Conditional Identities – II
1. sin A + sin B + sin C = 4 cos(A/2) cos(B/2) cos(C/2)
Proof: Sin A + sin B + sin C
= \(2\sin \left( \frac{A+B}{2} \right).\cos \left( \frac{A-B}{2}\right)+\sin C\).
\(\frac{A+B+C}{2}=\frac{\pi }{2}\).
\(\frac{A+B}{2}=\frac{\pi }{2}-\frac{C}{2}\).
\(=2\sin \left( \frac{\pi }{2}-\frac{C}{2} \right).\cos \left( \frac{A-B}{2} \right)+\sin C\).
\(=2\cos \left( \frac{C}{2} \right).\cos \left( \frac{A-B}{2} \right)+\sin C\).

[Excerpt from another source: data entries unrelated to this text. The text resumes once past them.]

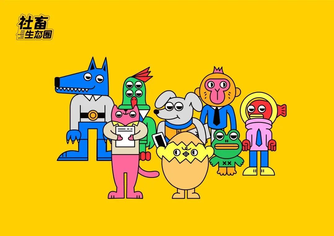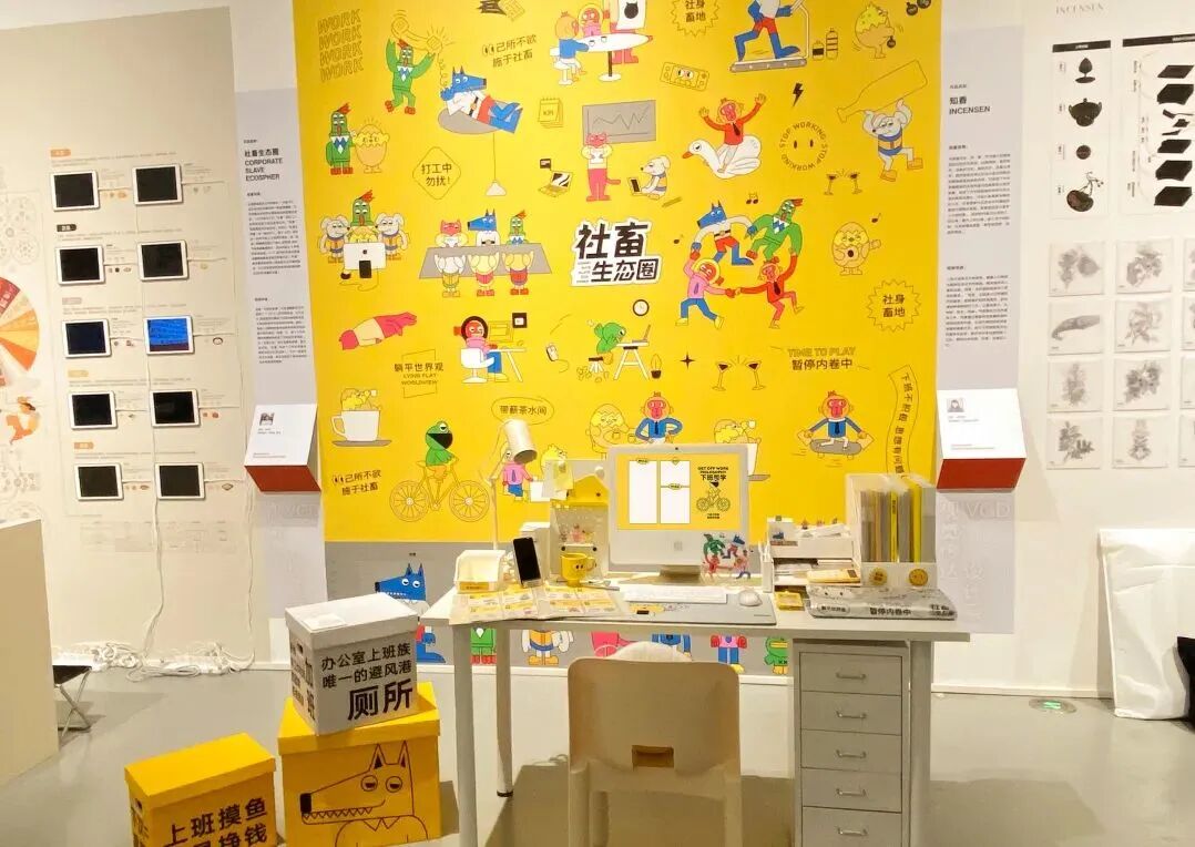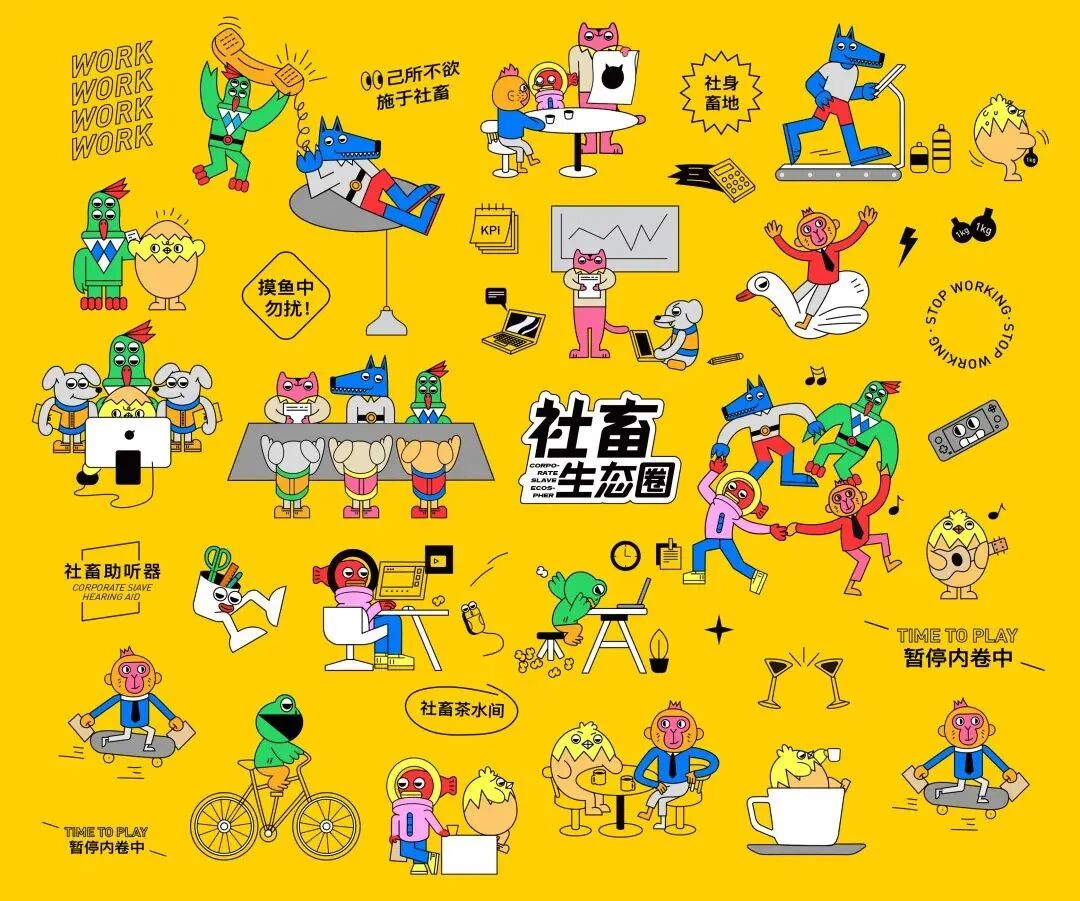 主题《社畜生态圈》以诙谐幽默的方式营造了一个打工人的生态环境,以文化IP的视觉形式描述了以生存和劳动关系为表征的青年社会性异化状态。通过一组拟人化动物的角色设定来体现互相依赖又相互制约“社畜”们,由于工作环境和性格特质形成了不同的社会等级。以“社畜文化”进行自嘲和反讽,因为她发现,“社畜”的这个工作状态确实挺符合自己以及同龄人。作为一种青年亚文化现象,其本质反映了青年群体的社会性表现和面貌。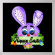 This poster features a cute, cartoon purple bunny with big, sparkling blue eyes peeking over a green banner. The banner reads "Happy Easter" in a friendly script, framed by green leaves and colorful flowers. Below the banner rests a cluster of brightly decorated Easter eggs in purple, pink, and yellow, all against a striking black background that makes the colors pop.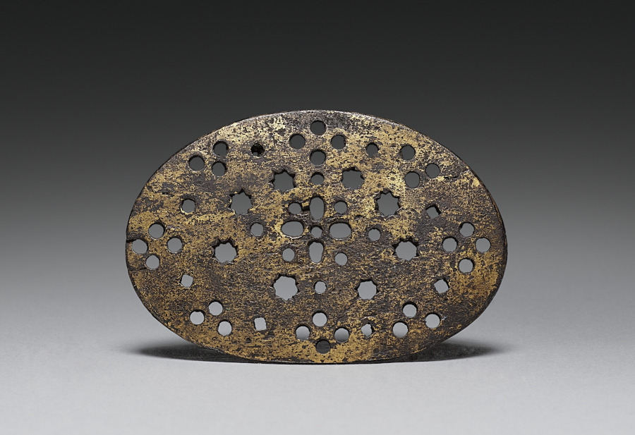 Gilded metal pierced with a pattern of stars and circles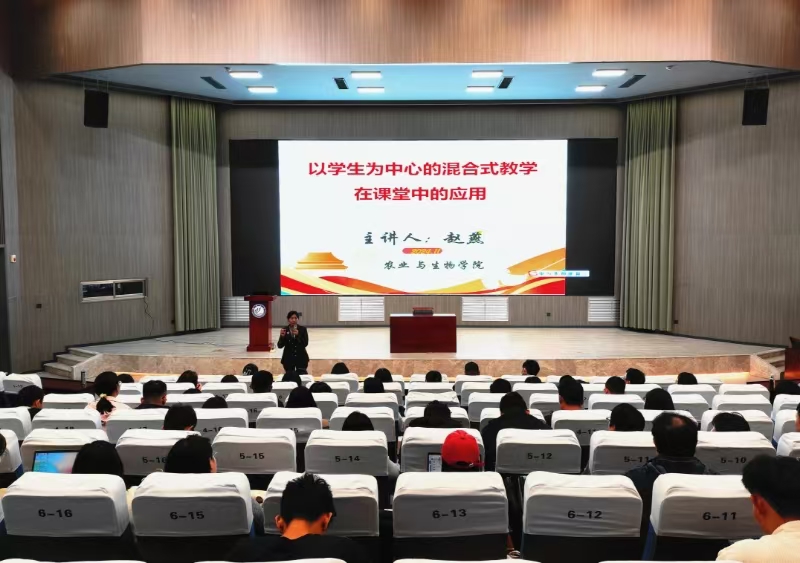 赵燕讲到,混合式教学是一种将多种学习方法融合的教学法,最常见的学习方法就是融合线上学习和面对面学习。赵燕以所授《植物学》课程为例,示范了线上线下混合式教学的全过程。她通过实操演示进行课堂互动,全体参训教师现场体验了“雨课堂”平台的签到考勤、限时推题、弹幕投稿、随机点名等交互功能,详细展示了组织教学、复习提问、讲授新课、巩固新课、布置作业等课堂教学的五大环节。 赵燕认为,教育的本质是一种培养人的行为,教师是自己课堂的主人,老师对课堂管控会增加学生的自律性,严慈共济会增进师生感情。有效的课堂教学应该是教师和学生的不断互动,教师应善于采取“案例式”、“启发式”教学方式,将教学模式由传统的“灌输式”转变为“学生主导式”,培养学生自主学习的习惯。 赵燕强调,新入职教师在具备扎实知识的基础上,应多探索创新科学的教育教学方法、做一名在学习、处世、生活等各个方面都能给予学生帮助和指导的智慧型教师。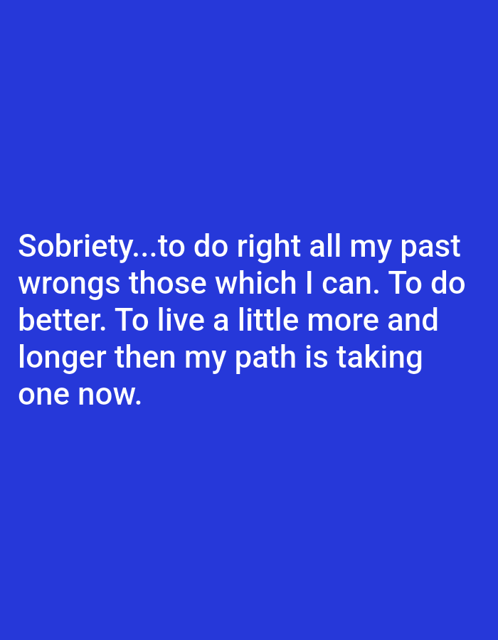 The depicted scene is a digital graphic, contextually located in the city of Park Hill, United States. It features a solid royal blue background. White sans-serif text is displayed, primarily centered vertically in the lower half of the frame. The text reads: "Sobriety...to do right all my past wrongs those which I can. To do better. To live a little more and longer then my path is taking one now." No other subjects, objects, people, or actions are visually present in the image.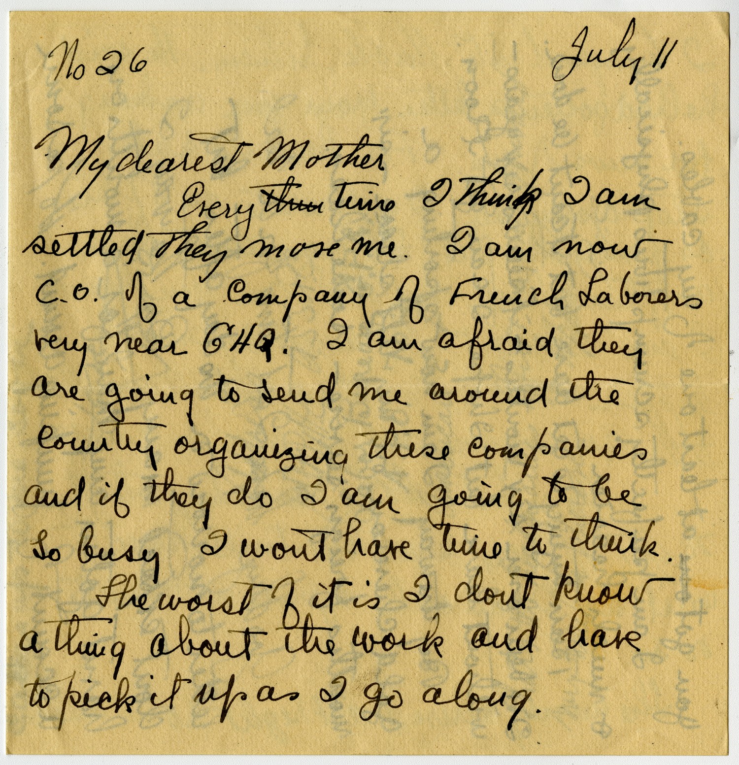 No 26 July 11 My dearest Mother Every time I think I am settled they move me. I am now C.O. of a Company of French Laborers very near GHQ. I am afraid they are going to send me around the country organizing these companies and if they do I am going to be so busy I wont have time to think. The worst of it is I don

\(=2\cos \left( \frac{C}{2} \right).\cos \left( \frac{A-B}{2} \right)+2\sin \left( \frac{C}{2} \right)\cos \left( \frac{C}{2} \right)\).
\(=2\cos \left( \frac{C}{2} \right)\left( \cos \left( \frac{A-B}{2} \right)+\sin \left( \frac{C}{2} \right) \right)\).
\(=2\cos \left( \frac{C}{2} \right)\left( \cos \left( \frac{A-B}{2} \right)+\sin \left( \frac{\pi }{2}-\left( \frac{A+B}{2} \right) \right) \right)\).
\(=2\cos \left( \frac{C}{2} \right)\left( \cos \left( \frac{A-B}{2} \right)+\cos \left( \left( \frac{A+B}{2} \right) \right) \right)\).
\(=2\cos \left( \frac{C}{2} \right)\left( 2\cos \left( \frac{A}{2} \right)\cos \left( \frac{B}{2} \right) \right)\).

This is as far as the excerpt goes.